PROVIDED DATA section start

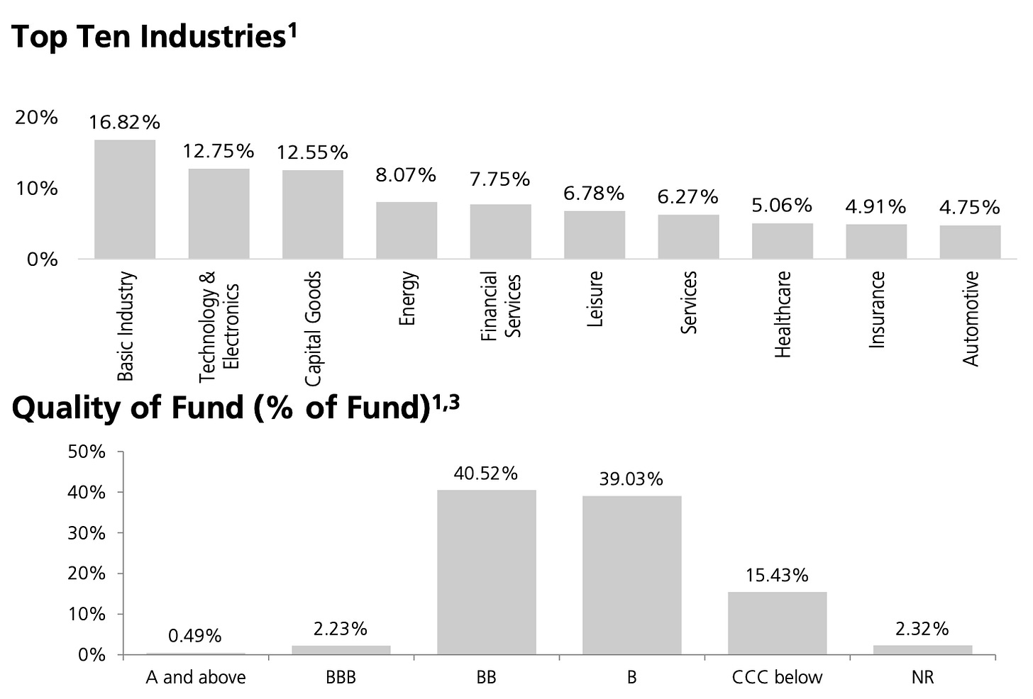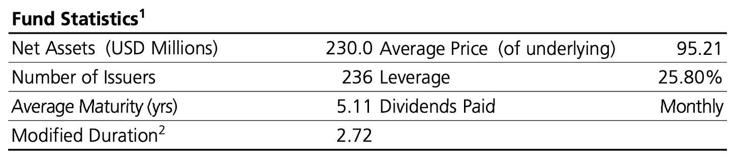 The fund’s selection process is pretty straightforward. The lower duration helps minimize exposure to interest rate risk, while the overall credit quality profile doesn’t look too poor when compared to some of its peers in the CEF space. The one thing that concerns me is the use of leverage. Junk bonds within CEF structures can be volatile enough. Add in leverage and you often end up with a really volatile product. That may or may not translate into better absolute returns, but it usually fails to help on a risk-adjusted basis. The lack of excessive credit risk is encouraging for this type of fund, but it could still get hit hard if conditions turn.
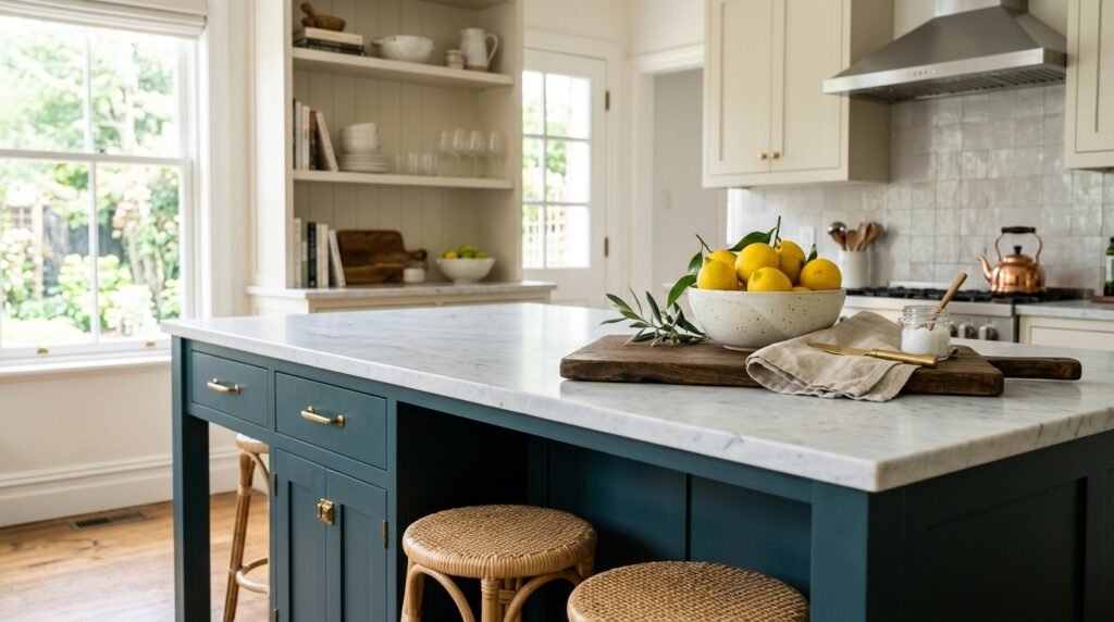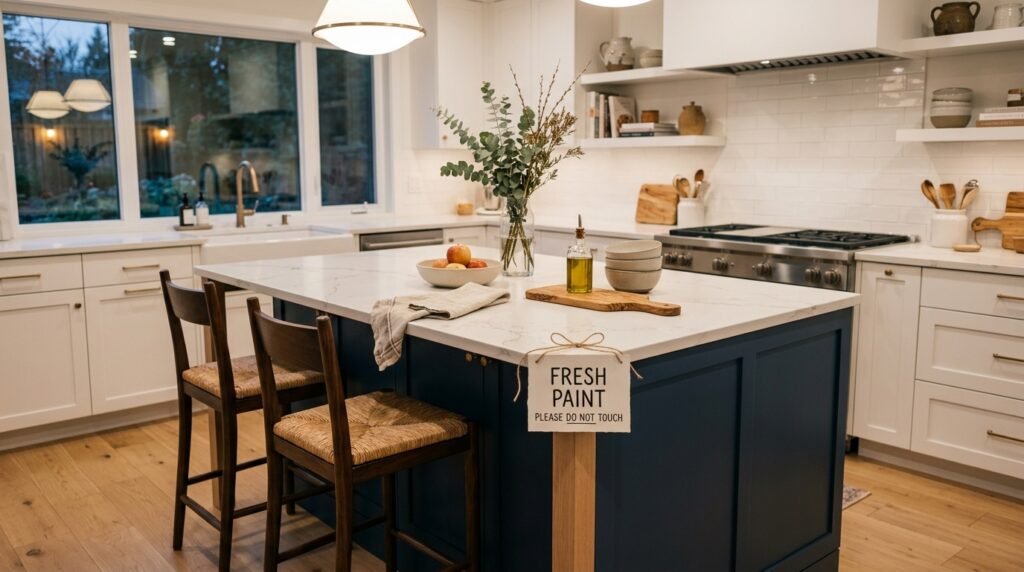 If you are documenting your DIY success for a blog or social media, focus on “Appetizing Realism.” Style the island with natural textures like wood boards and fresh fruit. Use side-lighting from a window to highlight the matte texture and the lack of brush strokes. This professional-grade imagery validates the high-quality result of your budget-friendly upgrade.
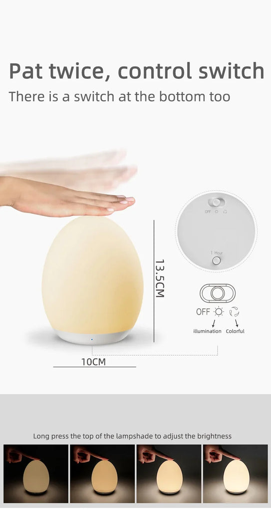 Crafted from safe, food- and toy-grade materials, this adorable nursery light guarantees safety for your little one. The smooth touch control in ☼ mode allows you to adjust the warm light's intensity easily. A simple double tap activates standby mode, providing gentle illumination for nighttime feedings.
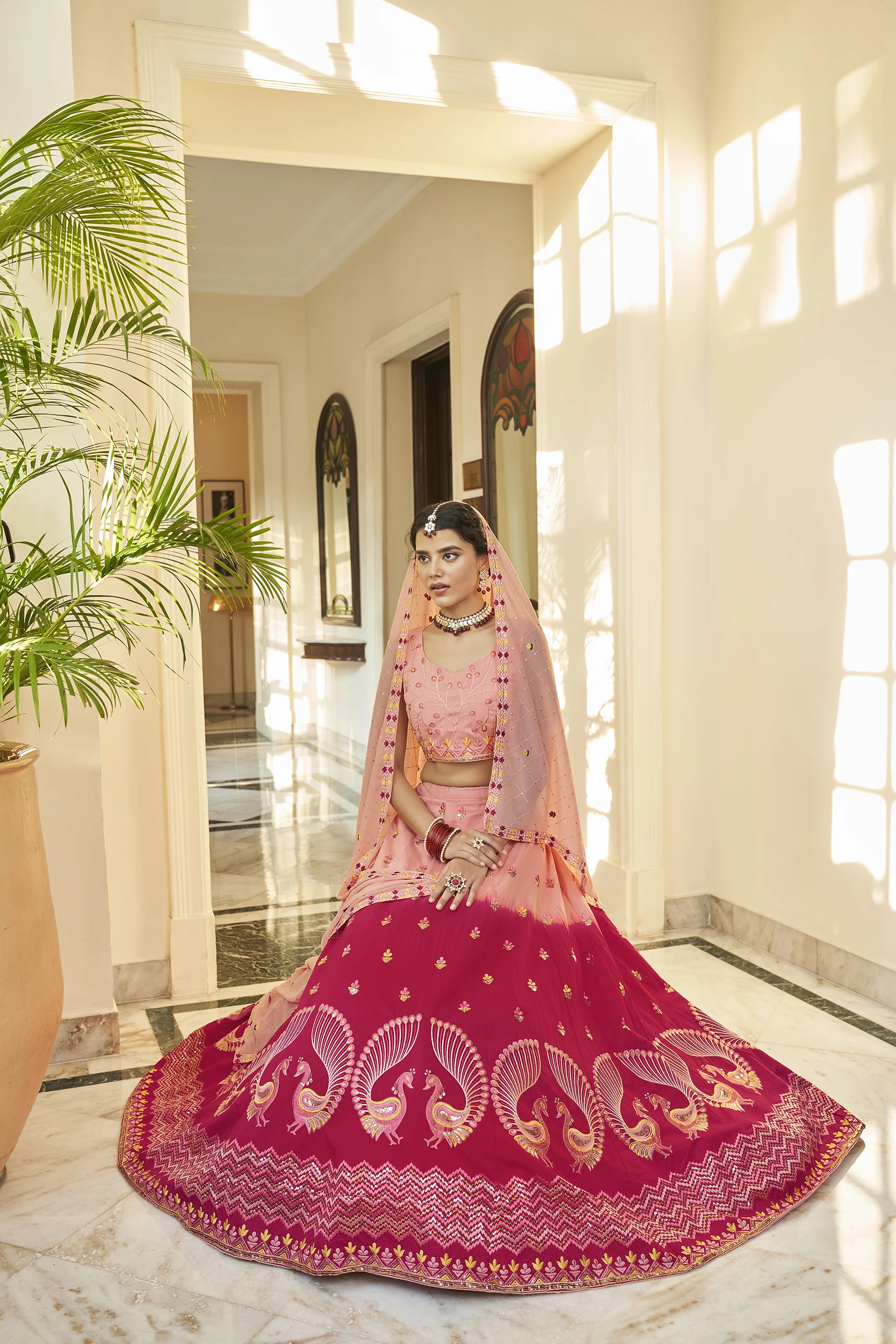 Lehenga Work:Thread with Sequence with Embroidered with Mirror Work

PROVIDED DATA section end

* _WORK ORDER_: Word for word and without pictures, restate only the lines running from the one that contains "If you are documenting" through the last line of the listing above.

* _TASK RESPONSE_:
 If you are documenting your DIY success for a blog or social media, focus on “Appetizing Realism.” Style the island with natural textures like wood boards and fresh fruit. Use side-lighting from a window to highlight the matte texture and the lack of brush strokes. This professional-grade imagery validates the high-quality result of your budget-friendly upgrade.
 Crafted from safe, food- and toy-grade materials, this adorable nursery light guarantees safety for your little one. The smooth touch control in ☼ mode allows you to adjust the warm light's intensity easily. A simple double tap activates standby mode, providing gentle illumination for nighttime feedings.
 Lehenga Work:Thread with Sequence with Embroidered with Mirror Work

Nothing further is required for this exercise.